Lawrence de Arabia se aleja de la leyenda, que por entonces ya había comenzado a quebrarse en el propio Reino Unido. Y, en el contexto del filme, el encargado de imprimir esta leyenda, que diría John Ford, es un reportero de guerra escéptico, que emplea la cámara como otros empuñan el rifle y consciente del proceso de blanqueamiento que exige la construcción de un mito que, por supuesto, cumple un servicio interesado -la propaganda bélica-. Complementando al personaje, como parte del escenario que lo afecta y condiciona, la película perfila con profundo desencanto las relaciones de colonización, sometimiento, cinismo y engaño que dominan las estrategias geopolíticas de este periodo -con los grandes imperios europeos ya caducos pero aún en pie- y de otros por venir.

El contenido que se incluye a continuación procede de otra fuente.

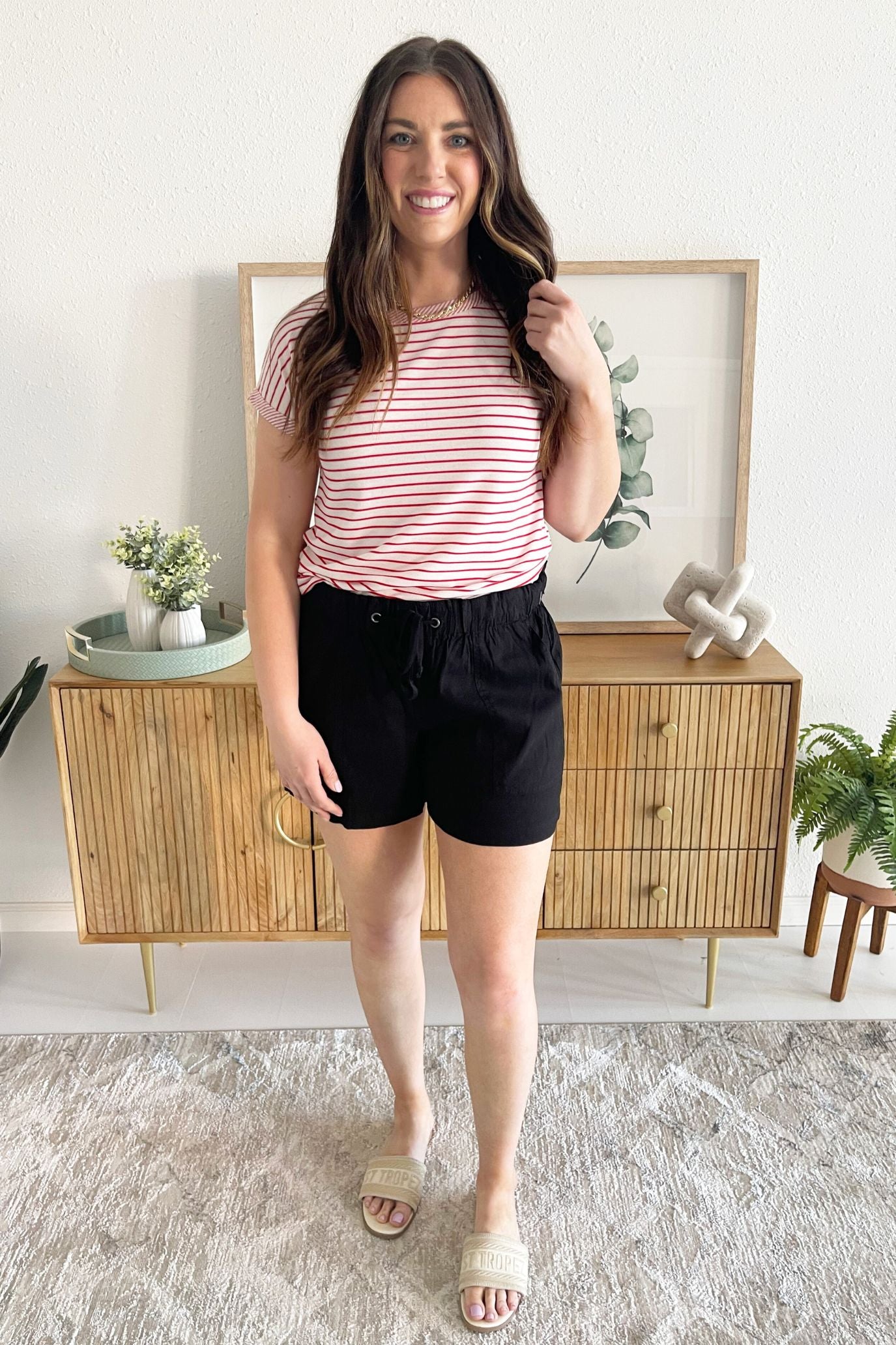 The Short Sleeve Pinstripe Crew Neck Top is a warm weather staple. This crew neck top has short sleeves, striped design, and a contrasting trim at the neck and arm openings. Add shorts and sandals for an easy casual look.
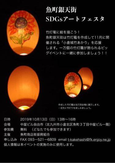 「魚町銀天街アートフェスタVol.2」開催! 2019.09.28 竹灯篭に絵を描こう! 魚町銀天街は竹灯篭を作成して11月に開催される「小倉城竹あかり」を応援します。 1万個の竹灯篭が飾られるビックイベントに一緒に参加しましょう!! 日時 2019年10月13日(日)13:00~16:00 会場 魚町三番街中屋ビル1階 三番街自由市 参加費 無料 主催 魚町商店街振興組合 申込 TEL:093-521-6801 E-mail:info@uomachi.or.jp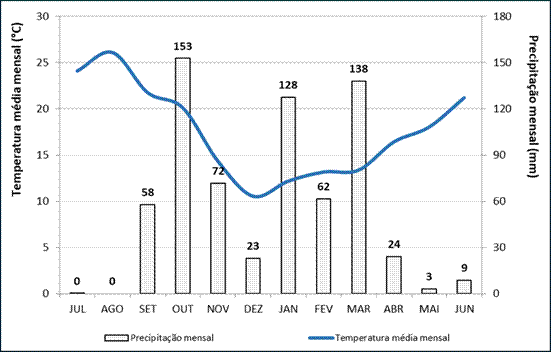 A evolução da disponibilidade e qualidade das pastagens ao longo do ciclo vegetativo é determinada pelas condições meteorológicas (especialmente temperatura e precipitação) e condicionada pelo maneio do pastoreio (contínuo, diferido, encabeçamento, entre outros aspetos). A Figura 2 mostra uma distribuição relativamente equilibrada da precipitação no outono e inverno, o que proporcionou condições para uma elevada produtividade das pastagens.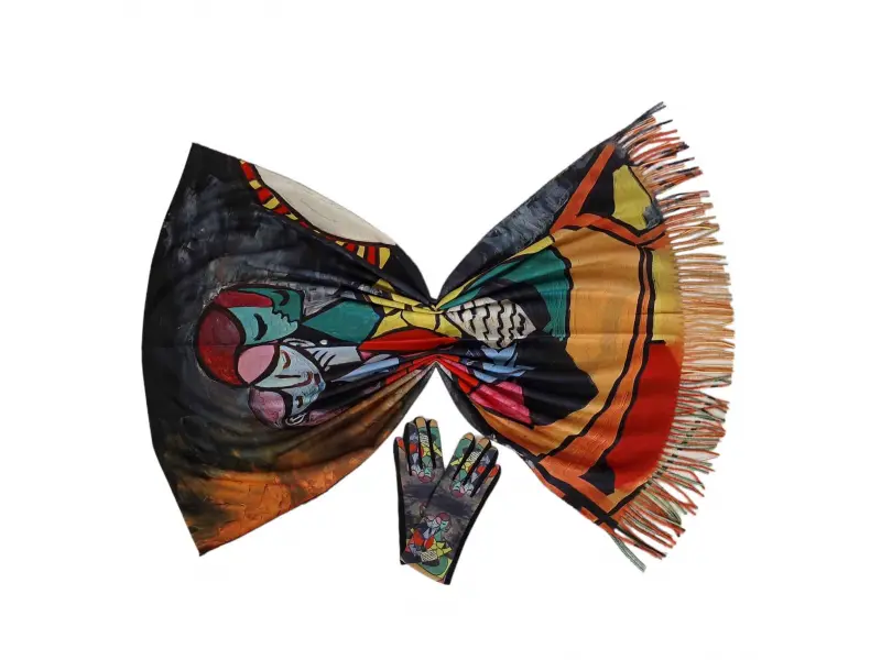 Двулицев дамски шал и ръкавици с картина на Пикасо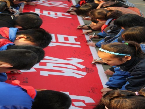 活動分三部分:首先,少先隊員代表宣讀倡議書,反思現(xiàn)實生活,突出誠信教育的重要性和急迫性;然后進行了宣誓儀式——“共鑄誠信,有你有我,創(chuàng)建和諧校園!”的口號聲在校園上空回蕩;最后,全體少先隊員以中隊為單位進行了簽名。
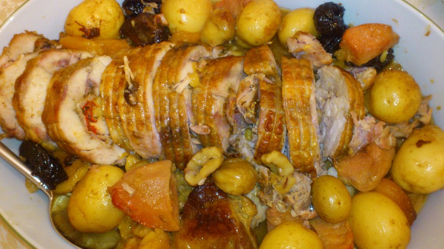 This is an image for Ρολό χοιρινό γεμιστό με δαμάσκηνα και κυδώνια (της Γιάννας).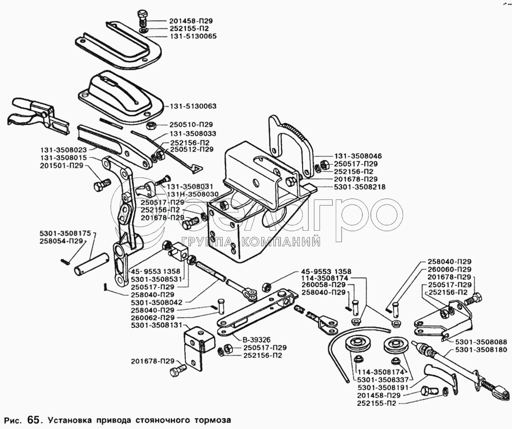 Каталог запасных частей к технике: ЗИЛ-5301. Установка привода стояночного тормоза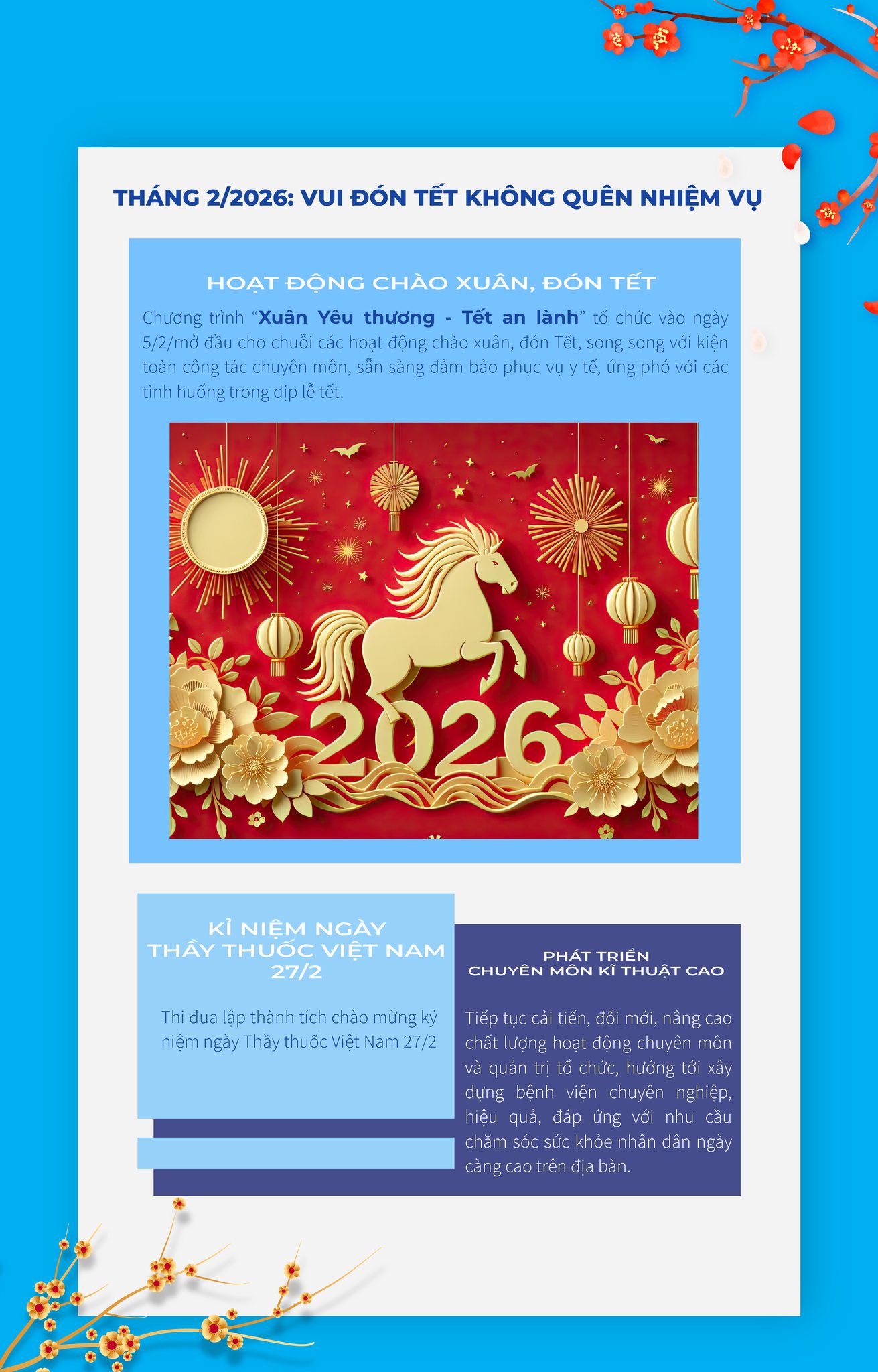 Bước sang tháng 2/2026, trong không khí vui đón Tết Nguyên đán, Bệnh viện tiếp tục nỗ lực “vui xuân nhưng không quên nhiệm vụ”: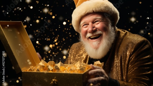 Santa claus unwrapping a beautifully wrapped christmas gift under the captivating starlit night sky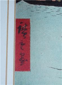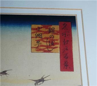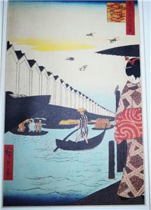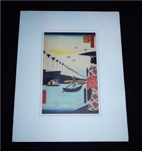 You have found the missing pieces to your art collectionn! Here is a matted print by Utagawa (Ando) Hiroshige called Yoroi Ferry. It is from the 100 Famous View of Edo 1857. 8" x 12.5" tall, it is matted to measure 16" x 20". Excellent pre-owned condition, no chips or cracks. Please see our Not Just China Store for more artwork.

Los soñadores y los oprimidos por las ataduras de la sociedad ocupan una parte fundamental de la filmografía de Lean. El cineasta muestra una predilección por sus anhelos y debacles románticas. Es comprensivo con su tragedia personal, pero no es incondicional hacia ellos, ni cree que su triunfo deba ser una recompensa obligatoria a su carácter excepcional. Lean encuadra a T.E. Lawrence en paisajes sobrecogedores y sobrehumanos, que se prestan a espolear la dimensión mítica y hasta bíblica o providencial que el personaje asume como respuesta a su propia existencia. Excesivo y obsesivo, T.E. Lawrence invoca el espíritu de héroes ancestrales, de semidioses atávicos, de cosmovisiones homéricas. Su epopeya no difiere demasiado de la de otro megalómano retrato biográfico y marcial, Patton, otro poeta-guerrero anacrónico, nacido en tiempos que no son los suyos. Individuos, pues, que pertenecerían más en el periodo histórico, aun abierto a la fantasía, de otro tercer biopic incontenido e incontenible, el Alejandro Magno de Oliver Stone, que explora la figura del conquistador extraordinario y trágico por excelencia, víctima de una sensibilidad extemporánea.
Por quién o por qué cabalga Lawrence, un hombre que ha de escoger su propio nombre desde la nada de su bastardía, que escribe su propio destino desoyendo las admoniciones de peligro o destrucción. El interrogante no se agota.